Wildflower meadows should not regularly be walked on. Grazing cattle would be fine because their hoofs make holes for seeds to germinate in. But human footsteps just flatten plants, nothing beneficial about that. So I designed the flower meadow like a flower bed with a path through the middle. It would occupy the middle third of the garden, leaving enough space for walking and seating on either side.



With the red-cabled outline in place we broke ground. Spades cut through grass, with difficulty. How could I have forgotten about the strength of grass roots? The conversation with the nice man at the DIY store kept playing in my head. Luckily my helpers were happily attacking the turf with brute force. We developed a system: The men used the spades like guillotines to chop the turf into small parcels. At a safe distance I was on my knees pulling the parcels out with my gloved hands.

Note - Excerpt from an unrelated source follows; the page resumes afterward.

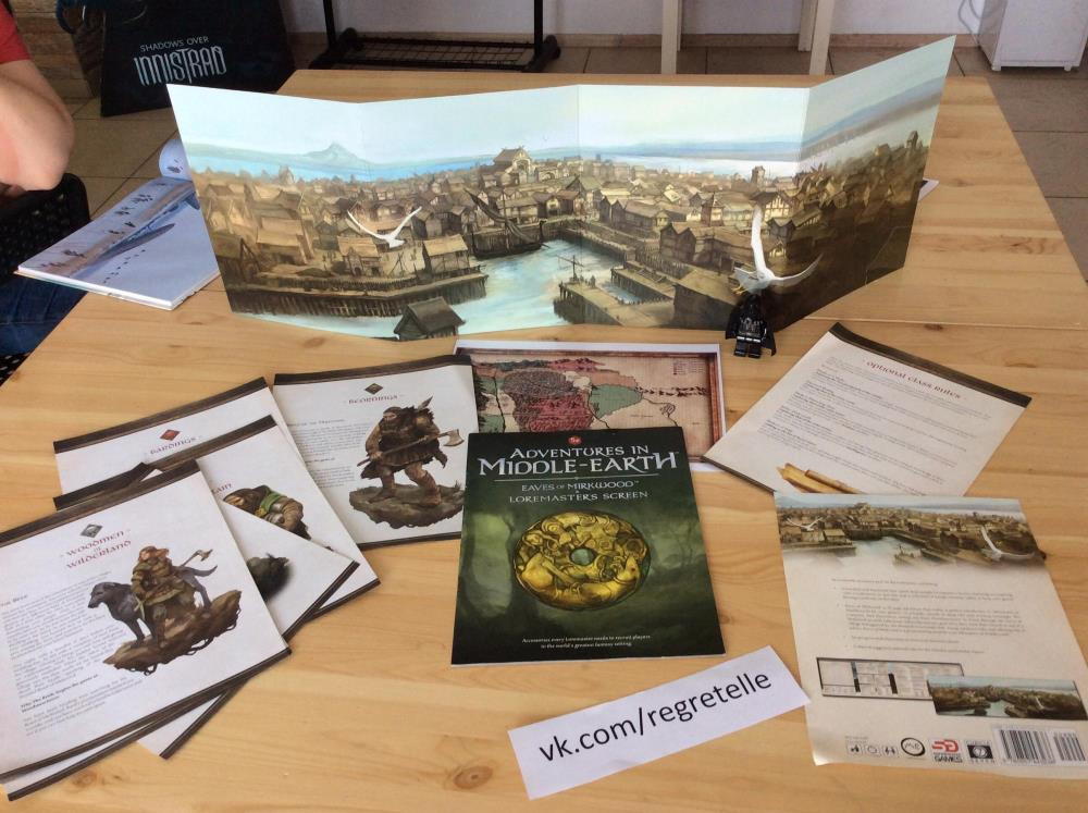 Ширма для настольной ролевки, использующая правила D&D5 и сеттинг Властелина колец. На картинке пейзаж Озерного города. Удобна для мастера, скрывает броски и даёт доступ к справочным материалам и таблицам. В комплекте цветные прегены для игры, ламинированная карта регионов и приключение «Под сенью Лихолесья».

Every few minutes I needed help to carry a basket full of heavy clumps of turf to the other side of the garden where we were piling them up. How could I forget that soil is so very heavy?



The crazy idea of removing an estimated 60 square metres of turf by hand could have quickly descended into disaster had it not been for my fellow gardeners. They remained good-humoured throughout, as if they had expected something this strenuous all along. We worked hard, continued the next day and finally the ground was cleared. I was incredibly grateful and quietly ashamed that I had so hugely misjudged the extent of the work.

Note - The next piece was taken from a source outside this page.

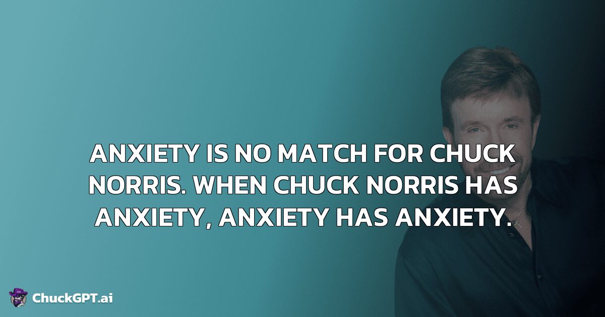 Anxiety is no match for Chuck Norris. When Chuck Norris has anxiety, anxiety has anxiety.

There was now an alien looking yin-yang shape carved into the remaining grass. It was the exact opposite of the idyllic abundance I had dreamed of. But I was too exhausted to contemplate this too much. I quickly sowed the seeds, only about 2 grams per square metre. I had read that this was the perfect amount to leave enough room for delicate flowering plants to establish. Nevertheless it felt like I was sowing too little.

Over the following days I became more and more anxious about my wildflower meadow project. I knew this was the way it was supposed to look at this stage. The problem was that I had only imagined the end result, not the intermediate stages. I was in shock. My beautiful garden suddenly looked devastated, like paradise had been hit by a bomb.

I had to stop panicking. I had done all my research. I had followed all advice. This was going to be the wildflower meadow of my dreams. I just had to wait.
Did I store the seeds correctly over winter? Did I sow too late? April was unseasonably hot and dry. Should I water? I hesitated for a few days, than asked my friend, the environmental biologist. No, normally I should not water my meadow, but now I had to. Otherwise my precious seeds would simply die in the baking sun. The same day I rushed to install a sprinkler. Hopefully it wasn’t too late. Would this sad-looking patch of bare soil ever become a wildflower meadow? There was nothing to do but wait.